Except, it was slow.

The hardware I’m using for my server isn’t bad, but it is older and energy efficient - so it’s not all that quick. Plus, now I was running inside a container, and the container was acting - funny. I hadn’t quite nailed it down yet (I would soon). Plus, everything was running in-serial, when it didn’t really have to.

Part 3: Optimizing

Fortunately, I’ve had to fix a lot of build systems at work. So I had a really good idea on what was going on, and how to fix it.

The first issue was everything was serial - which was needed for the dependencies between generating files. Well, that’s okay. First step is to simply break it from one command to a series of jobs to run each nix-shell, and then I can reorder, parallelize, or remove really slow bits that I don’t care about. But once I get it into jobs, it’ll be easier to work with.

So I did, and then very quickly realized what that funky behavior was I was seeing.
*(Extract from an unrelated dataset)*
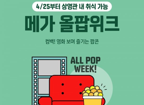 오랫동안 기다려 온 상영관 내 취식 허용을 환영하는 의미를 담아 메가박스는 매점에서 즐길 수 있는 다양한 이벤트를 선보인다. 메가 올팝위크 이벤트에 관한 자세한 내용은 메가박스 홈페이지 및 모바일 앱에서 확인할 수 있다.

Every job that couldn’t generate code was now failing. And this was because every job was getting a new docker container. It was never reusing a container - even between jobs. This was different than what I’m used to where a clean step was mandatory since the same git repo would be reused between runs.

Okay, so quick patch is to just run a job that can generate files in every step. No sweat.

Once that was done, I started parallelizing (which just meant spinning up new runners).

But, the fact I was regenerating files everywhere bugged me. I only really needed to generate once and download everywhere it was needed. So, I took a look at Forgejo artifacts, realized it was easy to upload and then download output between steps, and then proceeded to add uploading of generated sources followed by downloading of those sources everywhere it was needed. I then had a parallel build system with only a few sections in serial.

I then noticed something interesting: Forgejo runs in the order declared whenever it can. So I did one more trick, I put the blocking steps first. That way the blocked steps would be unblocked as quickly as possible.

And with that, I had my build system!

Where I’m headed

So far, I only have Linux and Windows support. And right now, Windows builds are only automated through MinGW - I still have to do MSVC builds manually. What I want to do is automated MSVC builds somehow (maybe through a VM or wine or native windows box, not sure yet).

Additionally, I want to add support for OSX. There are a few places that will need to be updated, but it shouldn’t be too hard. I have a Mac laying around somewhere - I just need to get it dusted off and add in the platform-specific wrappers where they’re needed.

After that, we’ll I’ll probably keep working on the library again. I have a lot of functionality I’m trying to add as I build my way up to an application. Right now I’m focused on adding in more testing functionality. I’ll then want to add a network stack and a window management system - which will bring oh so many levels of “fun” when trying to merge it with the current build pipeline.

At some point I’ll start adding support for more platforms. Arduino is pretty high on my list (I already have Raspberry Pi), as well as probably another micro-controller or single-board computer or two. Android and iOS support would be nice at some point, but I’m not really big into mobile development so it’s not a high priority for me yet. FreeBSD support would also be interesting - but again it’s not very high on my list. I’ve only used FreeBSD a handful of times, but that’s always been exclusively in a VM. I know that some work is needed since currently I have a few Linux-specific APIs instead of only generic POSIX APIs (yes, there’s a difference).

At some point, I’ll get more of my other projects moved over. So far I’m liking the nix-shell system, especially now that I’ve gotten a lot of the tool-chains working.